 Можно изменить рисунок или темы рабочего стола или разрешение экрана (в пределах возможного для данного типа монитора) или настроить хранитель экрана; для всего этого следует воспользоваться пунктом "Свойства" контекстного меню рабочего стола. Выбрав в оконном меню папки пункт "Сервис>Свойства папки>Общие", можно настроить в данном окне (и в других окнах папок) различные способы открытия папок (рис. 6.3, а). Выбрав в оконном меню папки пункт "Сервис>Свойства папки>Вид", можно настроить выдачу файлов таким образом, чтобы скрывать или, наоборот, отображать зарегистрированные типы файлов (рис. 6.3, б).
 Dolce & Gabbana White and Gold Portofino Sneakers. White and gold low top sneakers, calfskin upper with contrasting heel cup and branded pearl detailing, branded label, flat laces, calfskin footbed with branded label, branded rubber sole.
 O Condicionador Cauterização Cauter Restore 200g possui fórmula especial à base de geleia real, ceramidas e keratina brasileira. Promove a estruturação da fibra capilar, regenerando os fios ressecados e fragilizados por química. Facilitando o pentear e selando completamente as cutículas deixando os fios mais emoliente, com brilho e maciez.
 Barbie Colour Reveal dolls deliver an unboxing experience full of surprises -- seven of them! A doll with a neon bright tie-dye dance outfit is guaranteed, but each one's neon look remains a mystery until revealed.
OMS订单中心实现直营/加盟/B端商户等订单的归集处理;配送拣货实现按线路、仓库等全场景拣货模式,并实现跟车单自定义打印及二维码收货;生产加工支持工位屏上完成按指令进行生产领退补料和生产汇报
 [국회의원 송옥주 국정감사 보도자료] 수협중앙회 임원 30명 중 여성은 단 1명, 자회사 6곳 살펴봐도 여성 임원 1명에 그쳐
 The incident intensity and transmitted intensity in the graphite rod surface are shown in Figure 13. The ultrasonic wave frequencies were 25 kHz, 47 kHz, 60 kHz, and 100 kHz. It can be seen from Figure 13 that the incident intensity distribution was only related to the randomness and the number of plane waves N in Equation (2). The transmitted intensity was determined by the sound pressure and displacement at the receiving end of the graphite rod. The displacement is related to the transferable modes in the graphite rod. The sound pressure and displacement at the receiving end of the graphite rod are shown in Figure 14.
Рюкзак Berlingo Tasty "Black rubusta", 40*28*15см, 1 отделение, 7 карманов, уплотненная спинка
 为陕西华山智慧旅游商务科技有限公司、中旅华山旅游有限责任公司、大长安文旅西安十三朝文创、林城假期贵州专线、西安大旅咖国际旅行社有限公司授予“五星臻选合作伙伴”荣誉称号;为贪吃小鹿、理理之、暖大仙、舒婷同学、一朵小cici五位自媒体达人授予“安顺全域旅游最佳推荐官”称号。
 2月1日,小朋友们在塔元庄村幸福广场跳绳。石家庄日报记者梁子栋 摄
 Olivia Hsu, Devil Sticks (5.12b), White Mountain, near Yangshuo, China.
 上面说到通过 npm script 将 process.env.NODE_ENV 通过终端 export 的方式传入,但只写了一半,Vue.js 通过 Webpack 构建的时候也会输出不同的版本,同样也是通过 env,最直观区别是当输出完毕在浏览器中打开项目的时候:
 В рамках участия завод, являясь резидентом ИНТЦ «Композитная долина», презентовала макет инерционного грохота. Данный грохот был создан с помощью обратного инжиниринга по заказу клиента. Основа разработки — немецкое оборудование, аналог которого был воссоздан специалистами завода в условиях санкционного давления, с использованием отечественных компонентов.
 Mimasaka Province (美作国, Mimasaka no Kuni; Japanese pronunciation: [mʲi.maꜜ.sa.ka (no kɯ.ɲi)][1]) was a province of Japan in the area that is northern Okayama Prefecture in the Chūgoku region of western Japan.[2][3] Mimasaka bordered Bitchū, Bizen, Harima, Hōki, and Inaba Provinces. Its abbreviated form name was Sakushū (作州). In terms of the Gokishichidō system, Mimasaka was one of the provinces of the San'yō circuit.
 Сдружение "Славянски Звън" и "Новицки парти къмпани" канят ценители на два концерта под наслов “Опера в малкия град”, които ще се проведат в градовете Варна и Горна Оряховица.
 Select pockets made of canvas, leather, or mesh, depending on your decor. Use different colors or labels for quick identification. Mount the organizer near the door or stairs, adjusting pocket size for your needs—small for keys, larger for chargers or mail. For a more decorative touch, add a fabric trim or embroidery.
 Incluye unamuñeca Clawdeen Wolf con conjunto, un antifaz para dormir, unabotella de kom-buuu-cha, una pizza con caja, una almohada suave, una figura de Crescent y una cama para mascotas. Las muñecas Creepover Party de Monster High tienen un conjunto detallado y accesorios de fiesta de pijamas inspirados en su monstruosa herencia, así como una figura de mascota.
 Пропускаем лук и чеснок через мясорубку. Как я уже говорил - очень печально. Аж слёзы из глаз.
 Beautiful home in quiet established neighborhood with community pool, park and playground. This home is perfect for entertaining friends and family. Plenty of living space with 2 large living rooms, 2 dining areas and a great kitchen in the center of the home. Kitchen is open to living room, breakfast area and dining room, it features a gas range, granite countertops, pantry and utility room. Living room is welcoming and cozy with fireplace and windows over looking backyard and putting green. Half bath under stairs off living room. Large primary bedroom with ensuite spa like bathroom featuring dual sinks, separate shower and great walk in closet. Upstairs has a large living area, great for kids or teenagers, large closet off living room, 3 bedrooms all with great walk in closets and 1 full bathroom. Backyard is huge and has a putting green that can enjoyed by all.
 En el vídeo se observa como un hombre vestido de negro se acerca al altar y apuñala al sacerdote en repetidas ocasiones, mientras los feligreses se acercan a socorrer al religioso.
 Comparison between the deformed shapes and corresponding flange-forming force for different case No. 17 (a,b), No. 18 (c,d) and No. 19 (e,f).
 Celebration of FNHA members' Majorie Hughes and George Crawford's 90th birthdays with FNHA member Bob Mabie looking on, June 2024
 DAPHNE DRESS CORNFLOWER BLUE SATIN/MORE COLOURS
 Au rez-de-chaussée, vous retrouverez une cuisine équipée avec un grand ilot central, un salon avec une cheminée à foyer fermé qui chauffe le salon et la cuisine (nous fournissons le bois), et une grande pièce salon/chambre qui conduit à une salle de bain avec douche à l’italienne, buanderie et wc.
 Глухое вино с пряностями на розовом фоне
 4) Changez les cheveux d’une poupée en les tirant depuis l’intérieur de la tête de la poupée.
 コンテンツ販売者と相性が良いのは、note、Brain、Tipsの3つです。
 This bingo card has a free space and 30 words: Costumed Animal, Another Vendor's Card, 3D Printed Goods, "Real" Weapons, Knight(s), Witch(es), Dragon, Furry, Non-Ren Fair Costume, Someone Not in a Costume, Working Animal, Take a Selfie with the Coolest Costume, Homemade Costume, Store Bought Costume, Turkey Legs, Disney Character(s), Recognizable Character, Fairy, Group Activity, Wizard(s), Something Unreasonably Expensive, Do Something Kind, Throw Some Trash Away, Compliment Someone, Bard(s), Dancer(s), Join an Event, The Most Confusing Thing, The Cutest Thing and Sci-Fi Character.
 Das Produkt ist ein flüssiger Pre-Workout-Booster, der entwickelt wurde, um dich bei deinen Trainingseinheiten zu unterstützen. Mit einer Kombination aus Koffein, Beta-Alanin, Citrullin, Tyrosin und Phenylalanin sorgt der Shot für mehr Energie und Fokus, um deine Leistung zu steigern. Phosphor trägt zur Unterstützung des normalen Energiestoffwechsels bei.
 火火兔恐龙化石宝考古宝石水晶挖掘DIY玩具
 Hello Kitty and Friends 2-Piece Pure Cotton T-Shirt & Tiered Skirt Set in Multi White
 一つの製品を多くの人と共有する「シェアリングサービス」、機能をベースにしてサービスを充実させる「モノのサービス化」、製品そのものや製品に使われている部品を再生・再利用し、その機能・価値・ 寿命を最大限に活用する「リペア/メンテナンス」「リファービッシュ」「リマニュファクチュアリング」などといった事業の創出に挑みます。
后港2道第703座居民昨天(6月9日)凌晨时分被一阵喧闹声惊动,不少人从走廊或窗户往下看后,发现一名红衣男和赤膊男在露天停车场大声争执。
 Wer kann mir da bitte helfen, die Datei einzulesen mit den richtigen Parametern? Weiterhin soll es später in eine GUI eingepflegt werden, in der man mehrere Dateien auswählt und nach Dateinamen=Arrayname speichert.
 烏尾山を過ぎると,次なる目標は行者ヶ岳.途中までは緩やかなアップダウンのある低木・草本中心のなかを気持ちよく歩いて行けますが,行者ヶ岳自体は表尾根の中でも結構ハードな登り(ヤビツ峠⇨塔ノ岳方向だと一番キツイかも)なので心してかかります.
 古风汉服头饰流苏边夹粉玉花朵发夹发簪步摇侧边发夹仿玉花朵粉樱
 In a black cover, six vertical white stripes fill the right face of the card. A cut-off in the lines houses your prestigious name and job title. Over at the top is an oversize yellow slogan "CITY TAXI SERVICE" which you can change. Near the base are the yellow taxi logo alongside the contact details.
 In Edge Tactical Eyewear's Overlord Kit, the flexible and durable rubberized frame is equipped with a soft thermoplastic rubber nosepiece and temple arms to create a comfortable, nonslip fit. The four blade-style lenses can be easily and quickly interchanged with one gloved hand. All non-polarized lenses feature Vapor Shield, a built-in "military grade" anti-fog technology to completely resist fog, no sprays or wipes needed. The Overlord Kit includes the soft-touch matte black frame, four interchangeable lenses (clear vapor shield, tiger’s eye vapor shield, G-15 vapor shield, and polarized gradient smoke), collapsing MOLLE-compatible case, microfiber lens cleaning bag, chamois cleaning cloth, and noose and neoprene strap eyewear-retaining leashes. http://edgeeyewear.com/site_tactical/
***
Copy out exactly the lines from the line with "In a black cover, six" to the end of the listing, including both of those lines, and give nothing else.

Answer space:
 In a black cover, six vertical white stripes fill the right face of the card. A cut-off in the lines houses your prestigious name and job title. Over at the top is an oversize yellow slogan "CITY TAXI SERVICE" which you can change. Near the base are the yellow taxi logo alongside the contact details.
 In Edge Tactical Eyewear's Overlord Kit, the flexible and durable rubberized frame is equipped with a soft thermoplastic rubber nosepiece and temple arms to create a comfortable, nonslip fit. The four blade-style lenses can be easily and quickly interchanged with one gloved hand. All non-polarized lenses feature Vapor Shield, a built-in "military grade" anti-fog technology to completely resist fog, no sprays or wipes needed. The Overlord Kit includes the soft-touch matte black frame, four interchangeable lenses (clear vapor shield, tiger’s eye vapor shield, G-15 vapor shield, and polarized gradient smoke), collapsing MOLLE-compatible case, microfiber lens cleaning bag, chamois cleaning cloth, and noose and neoprene strap eyewear-retaining leashes. http://edgeeyewear.com/site_tactical/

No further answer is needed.